The 3-day food diary (3-d FD) and 2-day duplicate plate (2-d DP) dietary assessment methods have been extensively used for estimating fluoride (F) intake in children and adults. However, neither of these two methods have been validated and evaluated for their accuracy. Since accurate estimation of dietary intake in children is difficult and because dietary assessment methods are associated with measurement errors, urinary nitrogen and potassium have been suggested as biomarkers to provide unbiased measurements of dietary intake in both children and adults( Reference Day, McKeown and Wong 1 ).
This study aimed to examine the validity of 3-d FD and 2-d DP for the estimation of dietary F intake in children using i) the ratio of urine nitrogen to dietary nitrogen (UN/DN) and ii) the ratio of urine potassium to dietary potassium (UK/DK).

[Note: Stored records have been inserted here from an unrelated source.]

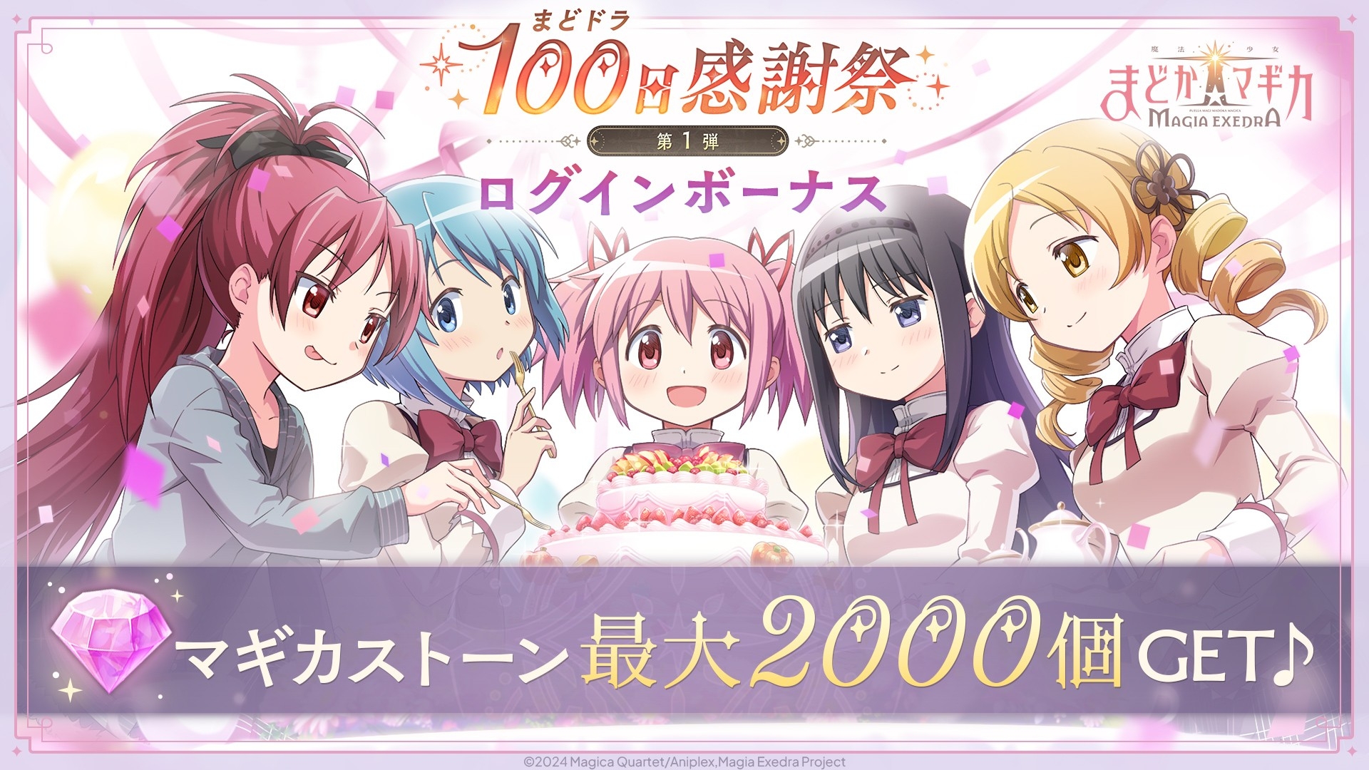 『魔法少女まどか☆マギカ Magia Exedra』、6月30日(月)12時〜「24時間限定 マギアガチャ10連1回無料」開始!100日感謝祭10大キャンペーンも開催中!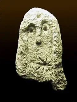 Albanian beliefs, myths and legends are organized around the dualistic struggle between good and evil, light and darkness, which cyclically produces the cosmic renewal.[83] The most famous representation of it is the constant battle between drangue and kulshedra, which is seen as a mythological extension of the cult of the Sun and the Moon, widely observed in Albanian traditional art.[84] In Albanian traditions, kulshedra is also fought by the Daughter of the Moon and the Sun, who uses her light power against pride and evil,[85] or by other heroic characters marked in their bodies by the symbols of celestial objects,[86] such as Zjermi (lit. 'the Fire'), who notably is born with the Sun on his forehead.[87]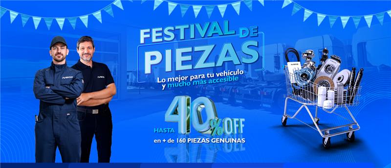 21 de octubre de 2025. IVECO, marca perteneciente a Iveco Group, presenta el “Festival de Piezas”, una campaña nacional que busca acercar a los transportistas la mejor calidad en repuestos genuinos con descuentos de hasta el 40%. Con esta acción, la marca refuerza su compromiso con la posventa, brindando soluciones accesibles y de calidad para mantener cada camión en movimiento. La promoción estará disponible en todos los concesionarios oficiales del país hasta el 15 de diciembre, o hasta agotar stock.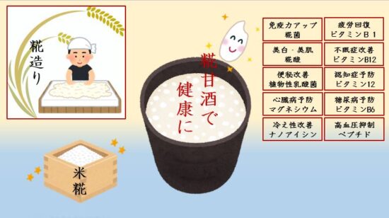 私たちがオススメする甘酒選びのいちばんのポイントは…「糀とお米」を発酵させて作られた『糀甘酒』にしました。甘酒には「酒粕から作るもの」と「糀から作るもの」の2種類あるのですがこれは原料の違いです。甘酒という言葉が入っていますが、糀甘酒ならアルコール不使用、且つ、今回選んだ甘酒は食品添加物や砂糖も使っていないので、子どもから年配の方まで安心して選んでいただけます。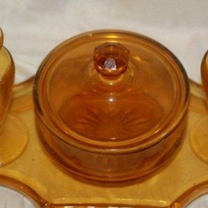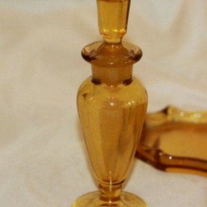 Paden City Elegant Glass Amber Vanity Set (Tray, Powder Box & 2 Perfumes)

Sixty-one healthy children aged 4–6 year old were recruited. Dietary data were collected using 3-d FD and 2-d DP methods. Twenty-four hour urine samples were collected from each subject twice. Completeness of 24-h urine samples was verified using creatinine excretion( Reference Tietz 2 ) and urine flow rate( Reference Marthaler 3 ). The UN/DN and UK/DK were calculated based on data from intake and excretion of these nutrients. A cut-off point of <0.2 for both UN/DN and UK/DK ratios was used to indicate over-reporting of dietary intake while >1 was used to indicate under-reporting.
All 24-h urine samples were verified as complete. Dietary data of 58 (95%) children, when collected by the 3-d FD, were considered valid, while for the 2-d DP method data for 46 (75%) children were viewed as valid. The results indicated that 2-d DP method was prone to under-reporting dietary data. On the other hand, a small percentage (5%) of children were found to be over-reporters when dietary data collected by the 3-d FD method.
Mis-reporting of dietary intake is a major problem in dietary surveys. The use of urinary and dietary nitrogen and potassium might improve independent validation of dietary intake if included in the protocol of dietary intake studies used in both adults and children. However, the optimal cut-off points for children should be investigated further.
Supported by grants from University of Teesside Research Doctoral Scholarships and The Borrow Foundation.